Copay After Deductible: Everything You Need to Know

A copay after deductible is a flat fee you pay for medical service as part of a cost-sharing relationship in which you and your health insurance provider must pay for your medical expenses. Deductibles, coinsurance, and copays are all examples of cost sharing. If you understand how each of them works, it will help you determine how much and when you must pay for care.

Deductible: What Is It?

The amount you pay for medical services before your health insurance starts paying is known as a deductible. For example, if your insurance deductible is $1,500, you will be responsible for paying all of the pharmacy and medical bills until the amount you pay has reached $1,500. At that point, you begin sharing some future costs with the insurance company through copays and coinsurance.

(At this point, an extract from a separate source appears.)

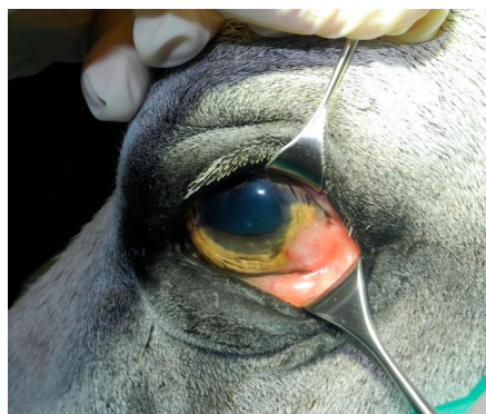
Figure 3. Clinical photograph of a Connemara Pony (Case 3) depicting the pink, raised mass on the left temporal limbus and cornea.

A seventeen-year-old Connemara Pony gelding was presented to the Bailly Vétérinaires Clinique du Lys for evaluation of a mass affecting the left eye. Ophthalmic examination revealed a pink, raised mass affecting the temporal limbus and cornea OS (Figure 3). The mass was excised completely and sent for histopathological examination. Histopathology found the mass to be composed of atypical keratinized epithelial cells that were not uniform (differed in shape from round to polygonal), and were arranged in clusters or individually. Criteria for malignancy were considered to be obvious and included a high nucleocytoplasmic ratio, large nuclei with granular chromatin, prominent and visible nucleoli, moderate anisocytosis, and anisokaryosis. The pathologist's conclusion was epithelial carcinoma (SCC).

Typically, a health insurance plan with a high deductible will require you to pay fairly inexpensive payments monthly. Although, initially, you will have to pay a significant amount up front if you were to need care. You may consider looking for plans that will pay for some services before you must pay your deductible. If you are mostly healthy, then it may be a good idea to increase your deductible as an easy way to lower your monthly payments or premiums. However, if you do this and then get sick, your medical bills in a year will be high.

Hospitalizations, blood tests, or surgical procedures may be services you pay for annually as part of your health insurance deductible. These services do not include routine care. Usually, preventative checkup services will just require that you make a co-payment. After the deductible has been met, your insurance will cover the expenses.

In a majority of circumstances, neither premiums nor copays count toward your deductible. Examples of health care costs that may count toward your deductible may include the following:

  • Chiropractic care
  • Hospitalization
  • Mental healthcare
  • Surgery
  • Pacemakers and other medical devices
  • Lab tests
  • Physical therapy
  • MRIs
  • Anesthesia
  • CAT scans

Are Coinsurance and Copay the Same Thing?

Copay and coinsurance are similar, but coinsurance is a percentage of costs, as opposed to a fixed dollar amount. A percentage of the amount an insurance company will allow a healthcare provider to charge for service gets determined when calculating the amount of a person's coinsurance. It is your share of the medical costs which get paid after you have paid the deductible for your plan.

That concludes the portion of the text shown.